Enquanto os membros da Klan insistiam que as massas negras gastassem todas as suas horas de vigília plantando e colhendo, muitos se recusaram a acreditar que esses mesmos trabalhadores mereciam os benefícios financeiros de seus esforços. De acordo com Relatório de 1871 do Tennessee, frequentemente “o empregador cria alguma desculpa e falha com o trabalhador, que é forçado a deixar sua colheita e abandonar seu salário pelo terror da Ku Klux Klan, que, em todos os casos, simpatiza com os empregadores brancos”. Esse casos assemelhavam-se mais à escravidão do que o sistema de trabalho livre prometido pela emancipação.
A Klan como uma associação de patrões
Poucos estudiosos rotulam a Klan como uma associação de patrões e a maioria dos historiadores ignoram a Reconstrução no sul dos EUA. O importante livro de Clarence Bonnett em 1922, Associações patronais nos Estados Unidos: um estudo de associações típicas [Employers’ Associations in the United States: A Study of Typical Associations], não cita a Klan, se focando exclusivamente nas organizações do final do século XIX no norte do país que buscavam conter o crescentemente e rebelde movimento sindical.

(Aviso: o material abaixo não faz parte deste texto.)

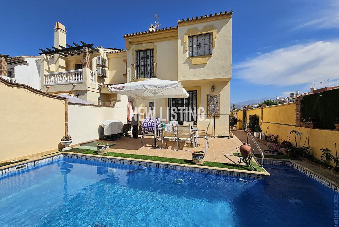 Semi-detached villa with private pool in El Tomillar, Torre del Mar Spacious semi-detached villa of 330 m2 built, with private garden of 80 m2 and swimming pool, located in one of the best urbanizations of Torre del Mar: El Tomillar. The house is distributed over 4 floors: - Ground floor: Living-dining room with direct access to the garden and pool, separate kitchen, dressing room, toilet and backyard with laundry room. - First floor: 3 bedrooms, full bathroom and two terraces. - Semi-basement floor: 4 additional rooms, perfect as bedrooms, study area or games room. -Basement: Large garage with capacity for several cars, as well as a lounge-wine cellar ideal as an area for meetings or celebrations. Unbeatable location, just a few minutes from all services: pharmacy, Mercadona, cafes and El Ingenio shopping centre. Easy access to the Mediterranean motorway and less than 1.5 km from the centre of Torre del Mar and its wonderful beach. An ideal home for families looking for space, comfort and a good location.

No entanto, a definição de Bonnett é flexível, permitindo-nos aplicá-la às ações das organizações milicianas da Reconstrução: “Uma associação de empregadores é um grupo que é composto ou fomentado pelos empregadores e que promove o interesse dos empregadores em questões trabalhistas. O grupo é, portanto, ou (1) uma organização formal ou informal dos empregadores, ou (2) uma coleção de indivíduos cujo agrupamento é fomentado pelos empregadores.”